For Task 1 (SE), we use a beamforming U-Net architecture [1], which provided the best metrics for the L3DAS21 Challenge on the SE task. This network uses a convolutional UNet to estimate B-format beamforming filters and contains three main modules: encoder for extracting high-level features gradually, decoder for reconstructing the size of input features from the output of the encoder, and skip connections for concatenating each layer in the encoder with its corresponding layer in the decoder. The enhancement process is performed as that of the traditional signal beamforming.
We multiply the complex spectrogram of B-format noisy signal with the filters estimated by U-Net through element-wise multiplication, and then sum the result over the channel axis to estimate a single-channel enhanced complex spectrogram.
In the end, the ISTFT is performed to obtain the enhanced time-domain signal.
Figure 1: Representation of the architecture used for Task 1. Source: [1]
With this model we obtained a baseline test metric for Task 1 of 0.557, with a word error rate of 0.57 and a STOI of 0.68.
We adapted this model to the audiovisual task by using a CNN-based extension part whose output features are concatened along the filters dimension with those generated by the encoder part of the U-Net. Since we did not obtain significantly improved results, we will consider for the purposes of the challenge the same baseline values produced in the audio-only case. The visual features, however, allow a slight decrease in the number of epochs required to achieve results comparable according to metrics to those of the audio-only track.

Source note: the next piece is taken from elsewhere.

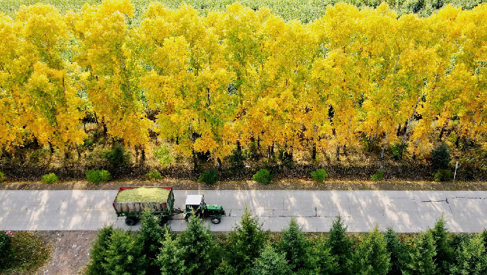 北大荒集團(tuán)北安分公司趙光農(nóng)場有限公司的青貯玉米已經(jīng)迎來收獲,拉開了當(dāng)?shù)睾堤锸斋@序幕。一輛輛收獲機(jī)車前進(jìn)著將整片玉米“吃”進(jìn)去,連秸稈帶玉米棒一起粉碎后再“吐”出來,旁邊的運(yùn)輸車輛緊緊跟隨,一車裝滿后,新鮮的青貯玉米被直接運(yùn)往養(yǎng)殖場入窖壓實(shí)儲(chǔ)藏。

We are particularly curious to see the methods adopted by participants to obtain highly informative visual features, especially given the imbalance between the number of images and datasamples available.
For Task 2, instead, we used a variant of the SELDnet architecture [2], with small changes w.r.t. that used in the L3DAS22 Challenge. We ported to the PyTorch language the original Keras implementation and we modified its structure in order to make it compatible with the L3DAS23 dataset.
The objective of this network is to output a continuous estimation (within a fixed temporal grid) of the sounds present in the environment and their respective location. The original SELDNet architecture is conceived for processing sound spectrograms (including both magnitudes and phase information) and uses a convolutional-recurrent feature extractor based on 3 convolution layers followed by a bidirectional GRU layer. In the end, the network is split in two separate branches that predict the detection (which classes are active) and location (where the sounds are) information for each target time step.
We augmented the capacity of the network by increasing the number of channels and layers, while maintaining the original data flow. Moreover, we discard the phase information and we perform max-pooling on both the time and the frequency dimensions, as opposed to the original implementation, where only frequency-wise max-pooling is performed. In addition, we added the ability to detect multiple sound sources of the same class that may be active at the same time (3 at maximum in our case). To obtain this behavior we tripled the size of the network’s output matrix, in order to predict separate location and detection information for all possible simultaneous sounds of the same class.
This network obtains a baseline test F-score of 0.147, with a precision of 0.176 and a recall of 0.126.
We adapted this model to the audiovisual task by using a CNN-based extension part whose output features are concatened to the ones our augmented SELD just before passing them to the two separate branches. This simple change resulted in a F-score of 0.158, with a precision of 0.182 and a recall of 0.140.
[1] Xinlei Ren, Lianwu Chen, Xiguang Zheng, Chenglin Xu, Xu Zhang, Chen Zhang, Liang Guo, and Bing Yu, “A neural beamforming network for b-format 3d speech enhancement and recognition,” 2021 IEEE International Workshops on Machine Learning for Signal Processing, L3DAS21 Challenge track, Oct. 25–28 2021
[2] Sharath Adavanne, Archontis Politis, Joonas Nikunen, and Tuomas Virtanen, “Sound event localization and detection of overlapping sources using convolutional recurrent neural networks,” IEEE J. Sel. Top. Signal Process., vol. 13, no. 1, pp. 34–48, 2019.